In the spring of 1919, the impresario Sergei Diaghilev began work on a new idea: a ballet based on the Renaissance
characters of commedia dell’arte, with set designs by Pablo Picasso and music by Ottorino Respighi. (The Italian
theatrical tradition had been enjoying a brief revival: Richard Strauss’s Ariadne auf Naxos and Arnold Schoenberg’s
Pierrot Lunaire date from this period, too.) When Respighi withdrew from the project, Diaghilev approached Igor
Stravinsky, his collaborator on wildly successful productions of The Rite of Spring, Petrushka, and The Firebird.
Diaghilev did not want an original score, however. Hoping to evoke the sense of a bygone era, he wanted his friend to
orchestrate pieces believed at the time to be by the 18th-century composer Giovanni Battista Pergolesi (since then,
scholars have shown that many were misattributed). Stravinsky had some initial reservations but agreed to look at the
music—and as the composer later recalled, “I looked and fell in love.” Pulcinella was a huge success, and it achieved
even greater renown as a concert suite (containing 11 of the original 18 movements) and transcriptions (the
Suite
italienne
) for violin or cello and piano.
Perhaps even more crucial is Pulcinella’s significance among Stravinsky’s works.
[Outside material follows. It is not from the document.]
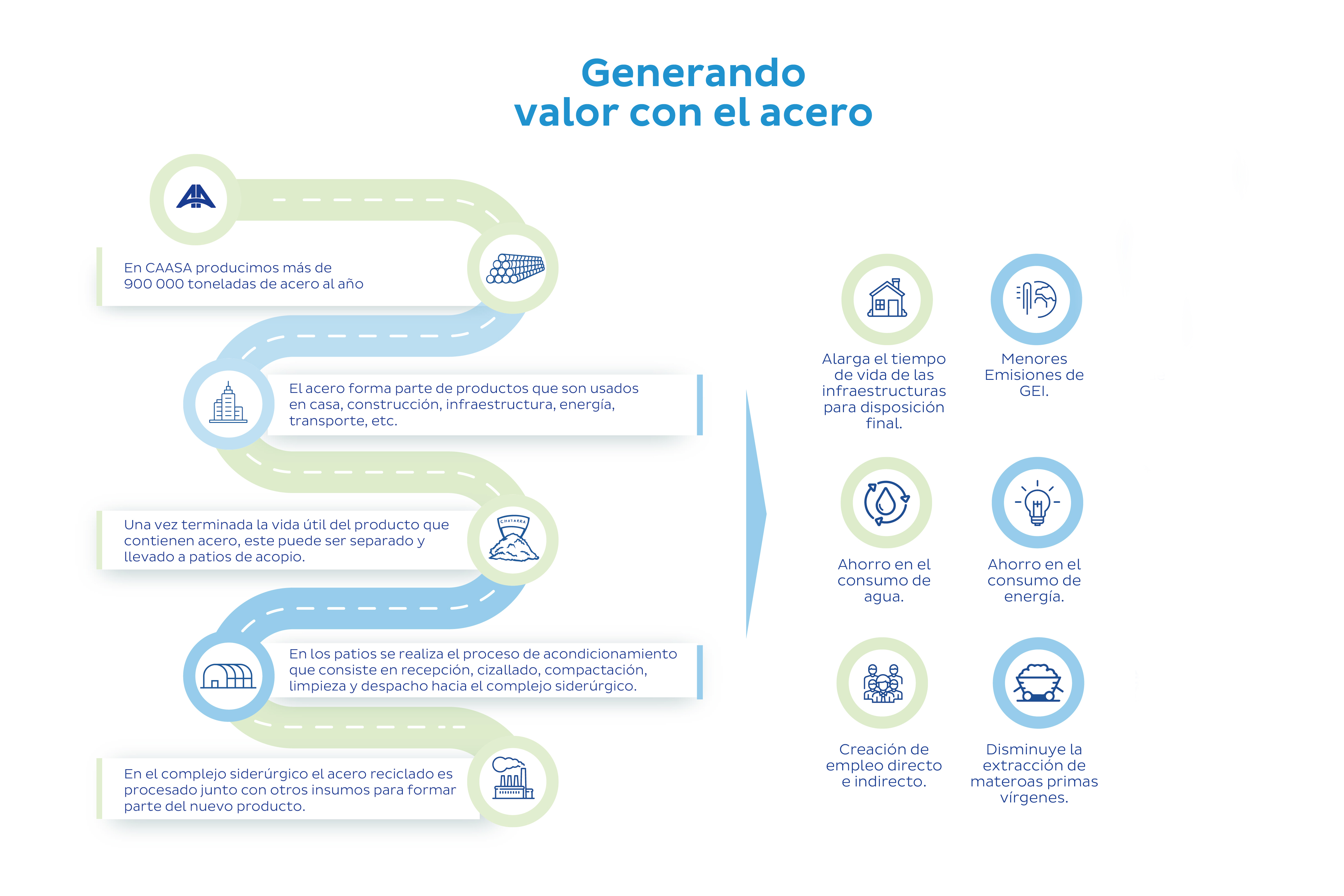 El acero que producimos está diseñado para que sea 100% reciclable, debido a sus propiedades. Incluso, la mayoría del acero que hoy utilizamos se extrajo y fabricó por primera vez hace más de siglo y medio, sin que haya perdido su calidad. El reciclaje del acero supone un ahorro de materias primas y de recursos en su fabricación.

Stravinsky said several decades later,
“Pulcinella was my discovery of the past, the epiphany through which the whole of my late work became possible.”
Stravinsky retained the spirit of the source material and infused it with something uniquely his own, striking a
delicate balance between past and present that ultimately came to be known as the “Neoclassical” style. This had a
profound impact on Stravinsky’s output. Although only one of his subsequent compositions is based on another composer’s
music (the 1928 ballet The Fairy’s Kiss, in which he reworked music by Tchaikovsky), many of the pieces that he wrote
between 1920 and 1950—such the Dumbarton Oaks Concerto, Oedipus Rex, and The Rake’s Progress—are indebted to older
models.
The source material comprises much of Pulcinella’s score; Stravinsky hardly alters the original melodic and bass lines.
In contrast to the massive instrumental forces of his earlier ballets, the instrumentation is relatively simple and
sparse. Straightforward meters replace the complex rhythms used so dramatically in works like The Rite of Spring. Yet
modern touches are clearly audible throughout the work, appearing as sly, witty anachronisms of harmony, rhythm, and
timbre. Inner voices are also altered, producing flashes of 20th-century dissonance. While Stravinsky’s approach to the
earlier sources is nuanced and subtle, the result is one of the most original—and arguably one of the most
significant—works of the 20th century.